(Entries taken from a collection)
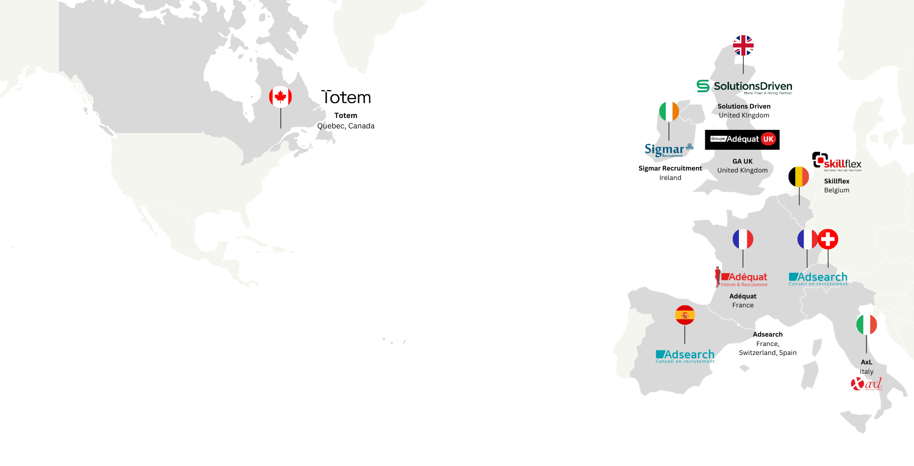 Our expertise is spread out through 8 strong and complementary brands (Adéquat, Adsearch, Sigmar Recruitment, Totem, Skillflex, AxL Group, Groupe Adéquat UK, Solutions Driven) in France, Belgium, Italy, Ireland, Switzerland, Spain, UK, and Canada.
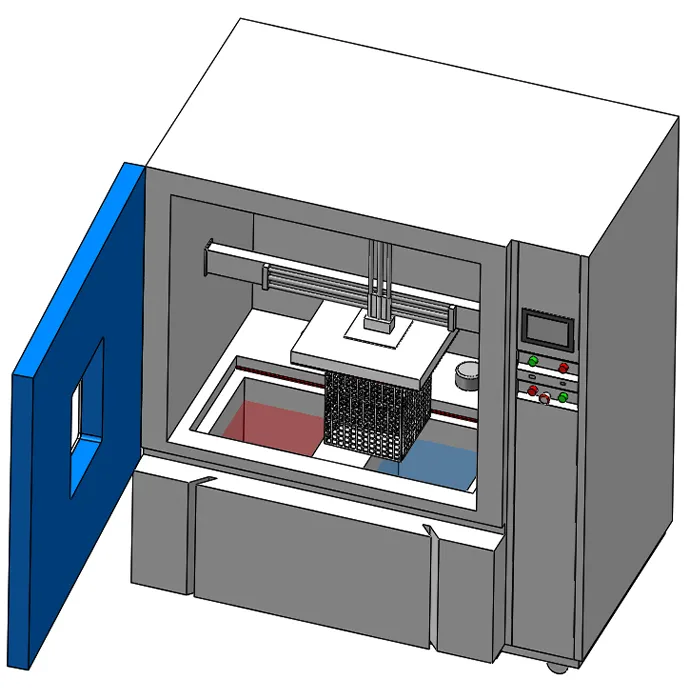 | Chambres chaudes et froides | Réservoirs de liquide indépendants avec contrôle précis de la température. Une uniformité thermique élevée garantit que chaque surface de l'échantillon subit une contrainte égale. Construit avec des matériaux résistant à la corrosion pour manipuler des huiles, des fluides fluorés ou des liquides corrosifs. |  |
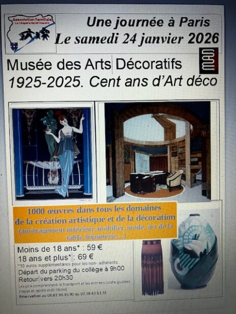 L’Association Familiale de la Chapelle-Saint-Mesmin propose une sortie à Paris le samedi 24 janvier 2026, avec le matin, une visite guidée au musée des arts décoratifs de l’exposition créée pour les 100 ans des arts décoratifs. Repas et après-midi libres.
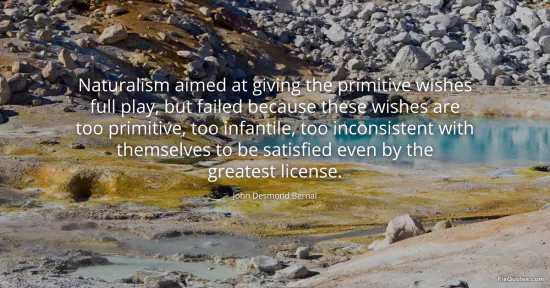 Bernal, John Desmond. (2026, February 19). Naturalism aimed at giving the primitive wishes full play, but failed because these wishes are too primitive, too infantile, too inconsistent with themselves to be satisfied even by the greatest license. FixQuotes. https://fixquotes.com/quotes/naturalism-aimed-at-giving-the-primitive-wishes-51863/
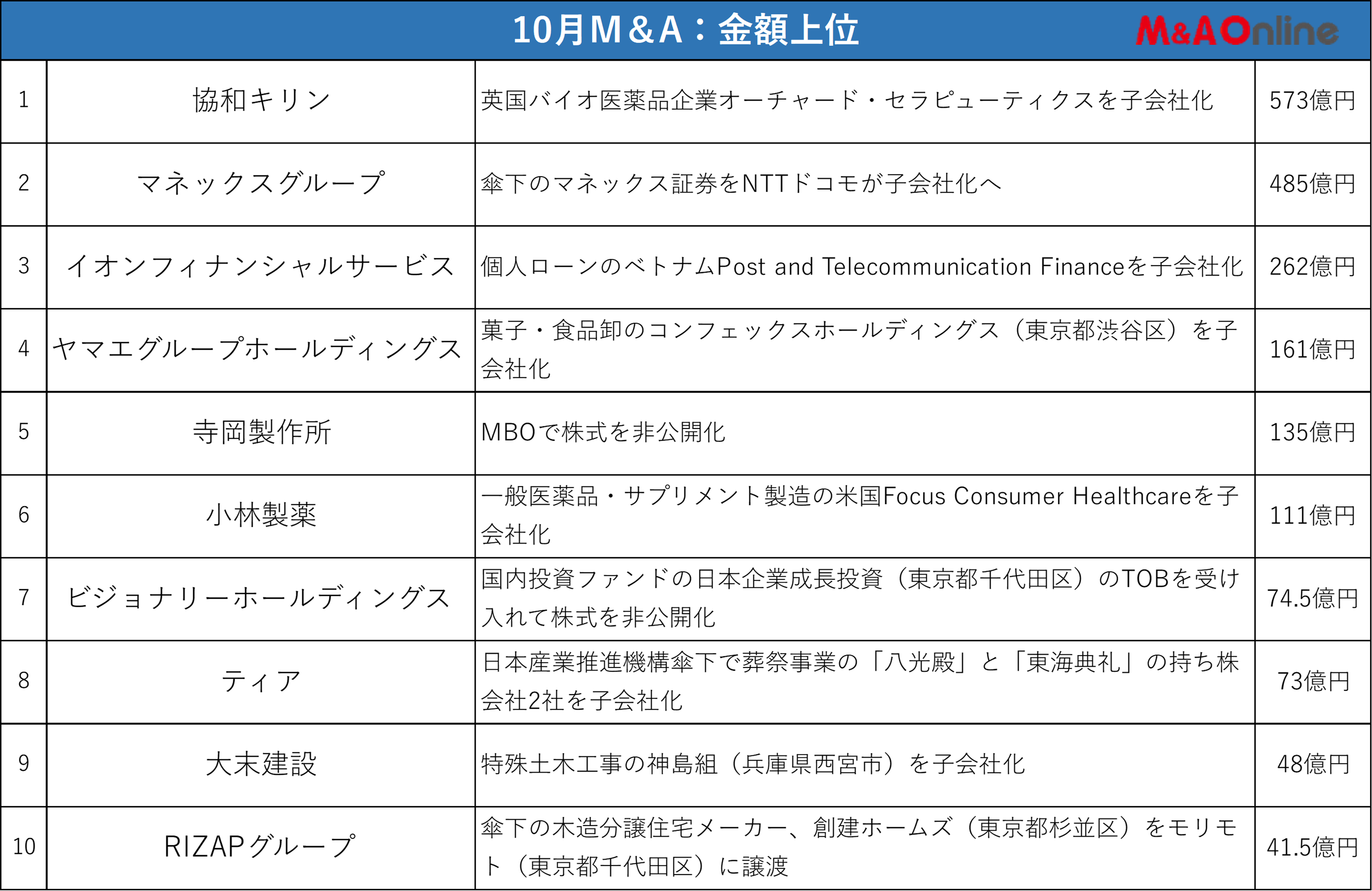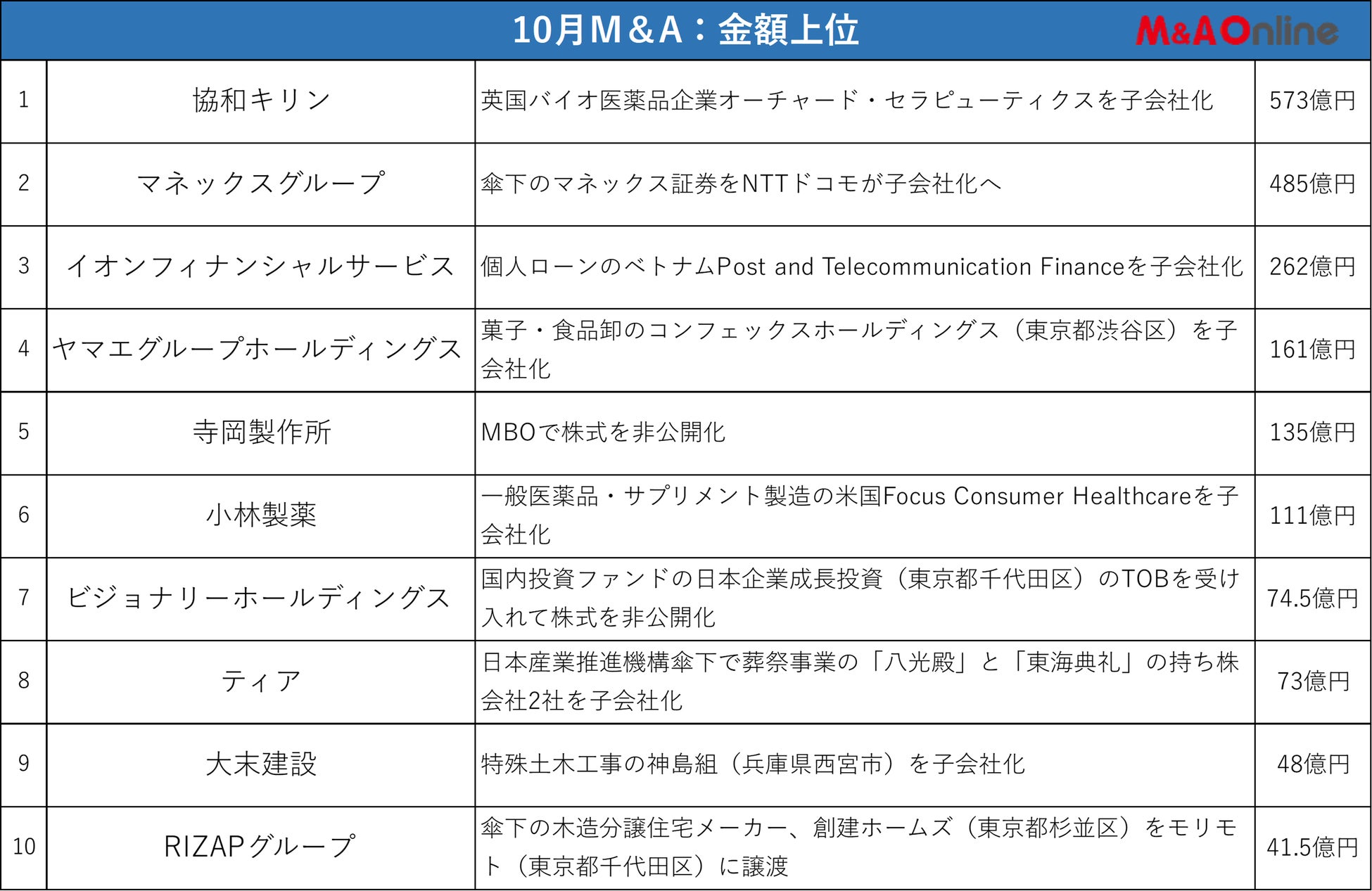 10月の金額首位は協和キリンが573億円を投じて英国のバイオ医薬品企業オーチャード・セラピューティクスを完全子会社化する案件。

** WORK INSTRUCTION **
From the first line to the last, retype the data above exactly, but not its images.

** RESULT OF THIS TASK **
 Our expertise is spread out through 8 strong and complementary brands (Adéquat, Adsearch, Sigmar Recruitment, Totem, Skillflex, AxL Group, Groupe Adéquat UK, Solutions Driven) in France, Belgium, Italy, Ireland, Switzerland, Spain, UK, and Canada.
 | Chambres chaudes et froides | Réservoirs de liquide indépendants avec contrôle précis de la température. Une uniformité thermique élevée garantit que chaque surface de l'échantillon subit une contrainte égale. Construit avec des matériaux résistant à la corrosion pour manipuler des huiles, des fluides fluorés ou des liquides corrosifs. |  |
 L’Association Familiale de la Chapelle-Saint-Mesmin propose une sortie à Paris le samedi 24 janvier 2026, avec le matin, une visite guidée au musée des arts décoratifs de l’exposition créée pour les 100 ans des arts décoratifs. Repas et après-midi libres.
 Bernal, John Desmond. (2026, February 19). Naturalism aimed at giving the primitive wishes full play, but failed because these wishes are too primitive, too infantile, too inconsistent with themselves to be satisfied even by the greatest license. FixQuotes. https://fixquotes.com/quotes/naturalism-aimed-at-giving-the-primitive-wishes-51863/
 10月の金額首位は協和キリンが573億円を投じて英国のバイオ医薬品企業オーチャード・セラピューティクスを完全子会社化する案件。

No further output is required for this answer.